Brand new recommendations include establishing a space shuttle flight schedule that is "consistent with available resources, creating an independent Technical Engineering Authority and independent safety program, maintaining more oversight of final tank foam application processes.

Another recommendation suggested by the board but not previously formally released, is for NASA to redesign a bolt catcher assembly that CAIB-ordered testing revealed to be possibly too weak to do its job. NASA officials announced a few months ago that they were redesigning this part.

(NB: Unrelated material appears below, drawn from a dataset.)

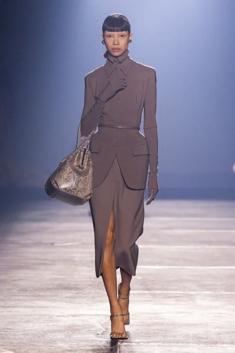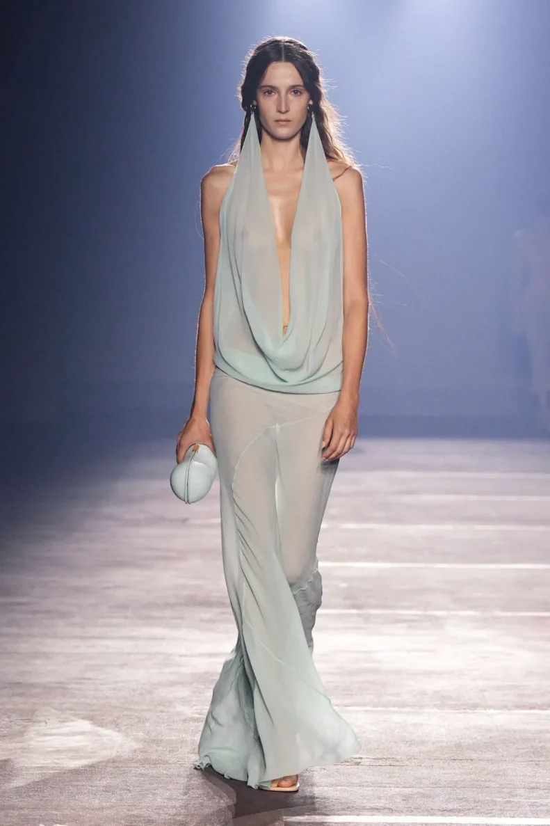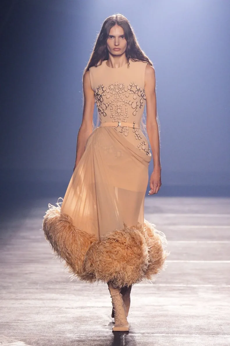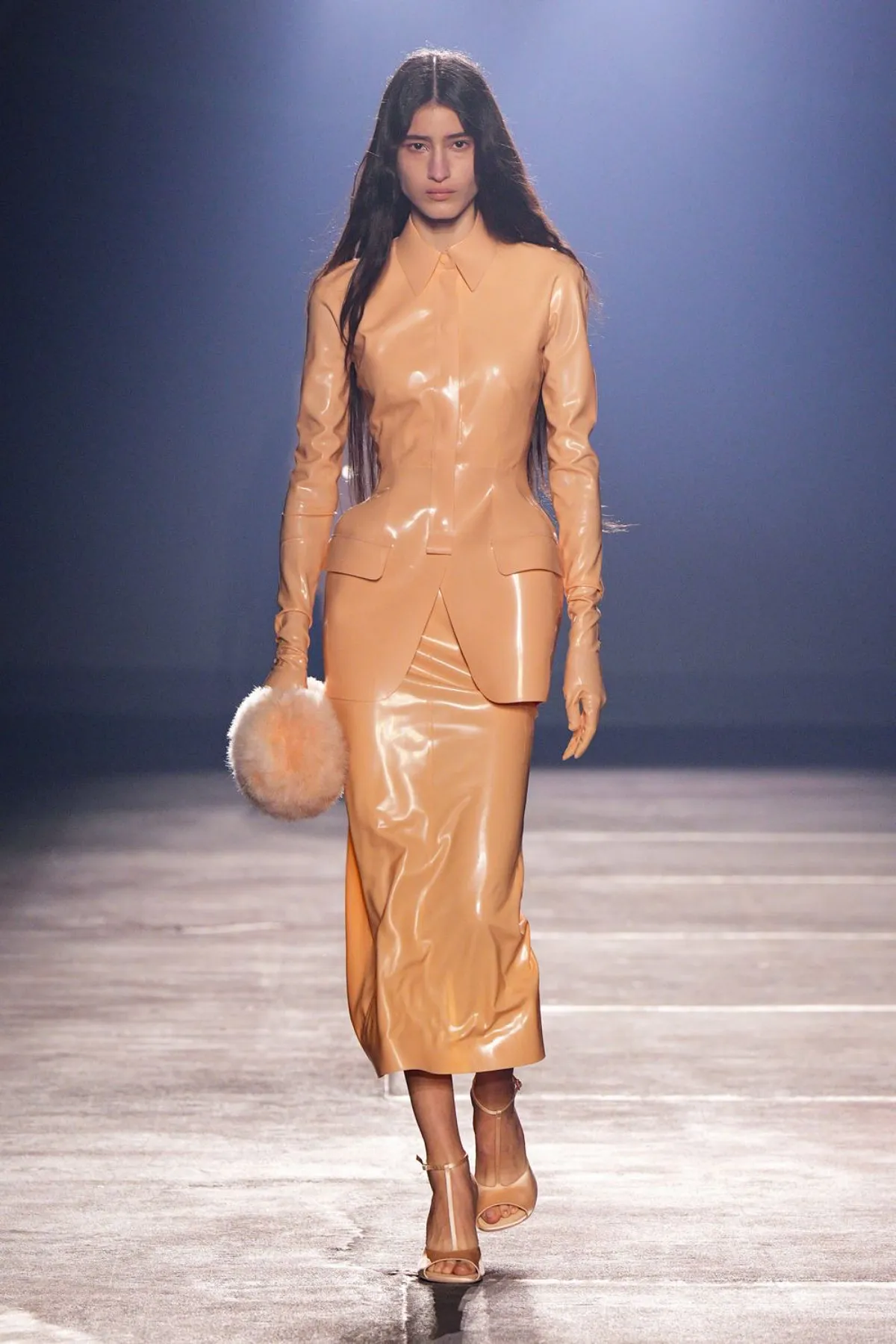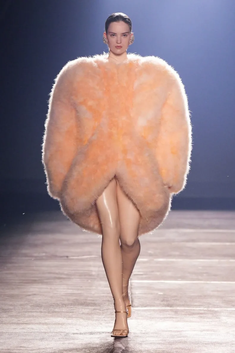 Pokaz odbył się w przestrzeni przypominającej brutalistyczny teatr snów, gdzie światło i cień grały z materiałami jak aktorzy na scenie. Feather couture spotkało się tu z lateksem, satyna z jerseyem, a przezroczystość – z konstrukcją godną architekta. Charakterystyczne dla Muglera gorsetowe sylwetki pojawiły się w nowych konfiguracjach: czasem rozmontowane, czasem przeciągnięte przez ciało niczym druga skóra, ozdobione matowymi, cielistymi kamieniami.

Among the most technically challenging of the recommendations, several board members agreed, is the recommendation that NASA develop a capability to inspect and repair while in orbit the reinforced carbon carbon that protects the leading edges of space shuttle wings. Board member Sheila Widnall, a former U.S. Air Force secretary, said the reinforced carbon carbon requirement is the one most likely to slow NASA's return to flight.

The board also puts forward some longer term goals for NASA, including inspecting and recertifying the shuttle's hundreds of miles of wiring as part of the agency's Shuttle Service Life Extension Program, an effort kicked off earlier this year with the goal of keeping the shuttle in good working order through the end of the decade and beyond.

But on the subject when to retire or replace the shuttle, the board is "agnostic," in the words of board member John Logsdon, director of the Space Policy Institute at George Washington University, explaining that NASA could very well conclude that recertifying the shuttle is too difficult or too costly to undertake.

"We believe another vehicle, whether to complement or replace the shuttle, is very, very high priority," Gheman said. "We criticize the U.S. for finding ourselves in the position we are in now where we don't even have a design on the drawing board."

On these longer term recommendations, the report sounds a sobering note: "Based on NASA's history of ignoring external recommendations, or making improvements that atrophy with time, the Board has no confidence that the Space Shuttle can be safely operated for more than a few years based solely on renewed post-accident vigilance."